Social workers striking over salary cuts in Southampton are only doing it because they are on full pay from unions, the Conservative council leader has said.
Royston Smith claimed local Unison and Unite branches were giving those on strike full pay in an effort to punish the council for stepping outside of nationally agreed terms and conditions – an allegation strongly refuted by the unions.
The war of words began after social workers in Southampton became the first in the country to go on strike today following government public spending cuts.
The council has to find £75m of savings over the next four years. It has proposed pay cuts for all staff earning over £17,500 a year on a sliding scale of up to 5.5% for those earning over £65,000 a year.
Smith said the cuts would protect 400 jobs.
“[Council staff] are all being paid full pay by the unions,” he said. “They admit that every time we talk to them. The hardship pay is being paid by the national union and the rest is being made up locally by Unison and Unite. They’re spending hundreds of thousands of pounds on this.”
However, Andy Straker, Unison regional organiser, strongly denied this. He said: “They are not on strike because we are paying them strike pay or hardship pay, they are on strike because of the crass decisions [Smith] is making on a daily basis.”

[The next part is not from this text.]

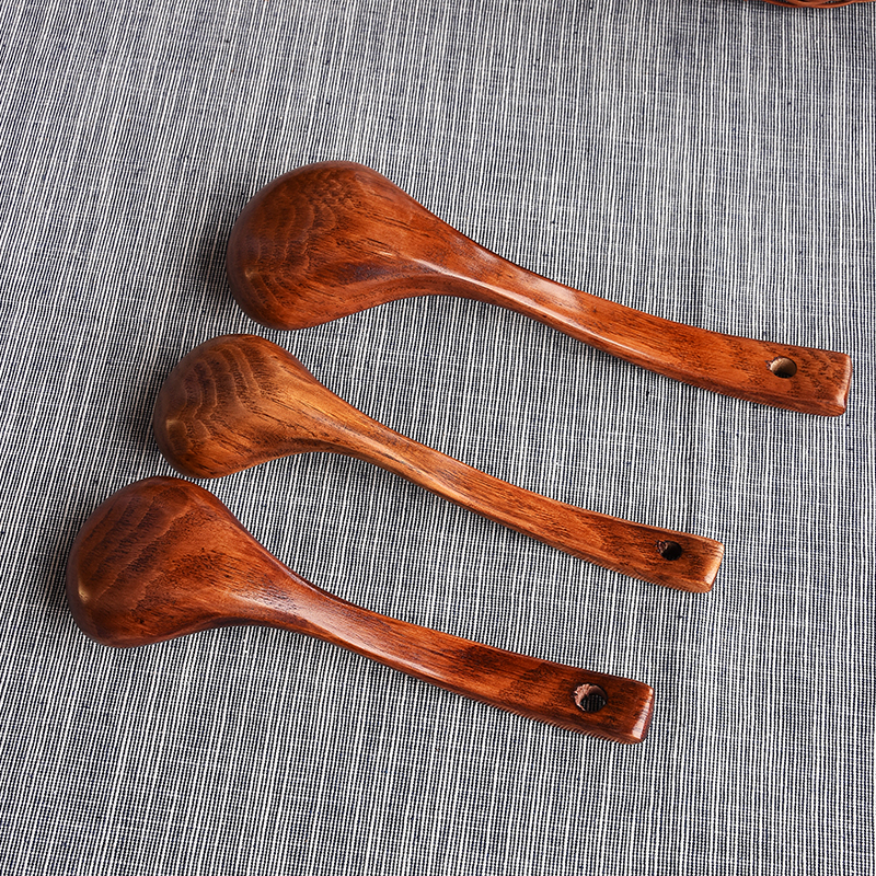 Silver-coloured large wooden soup spoon in the middle of a wooden soup spoon.

Unison pays members £15 a day in strike pay and will pay hardship pay on top of that, depending on individual circumstances. Straker said some staff may be receiving as much as their usual salary, but this was not a blanket policy.
Meanwhile talks are still deadlocked. “I’m not sure we are very close at all to a resolution now,” said Smith. “They said if we made progress on the discussions, which we have, they would suspend strikes, but here we are.”
“For example, we have agreed to look at the levels and the ways in which people will take their pay cuts. When you get a 4.5% pay cut you get five days extra paid leave. Now we are saying perhaps we can do something around that, such as have people working flexibly or taking some extra unpaid leave – that’s progress. They said it was progress, I agree that it’s progress, but they continue with the strike action.”
“[The unions] are not as good as their word,” he added.
But Straker said he had never promised to postpone strike action as long as talks were ongoing. “If we thought there was any chance of coming to agreement we would call the strikes off, but we’re no further forward than we were on July 11,” he said.
Smith said some groups of workers felt their position was protected because of statutory requirements on the council to provide certain services and that these people were more readily going on strike to protect their pay at the cost of others’ jobs. However, he would not say if this included social workers.
Straker said he had not had a single member express this sentiment to him. He said: “[Smith] needs to stop looking for excuses as to why these strikes are happening and look at the real issues.”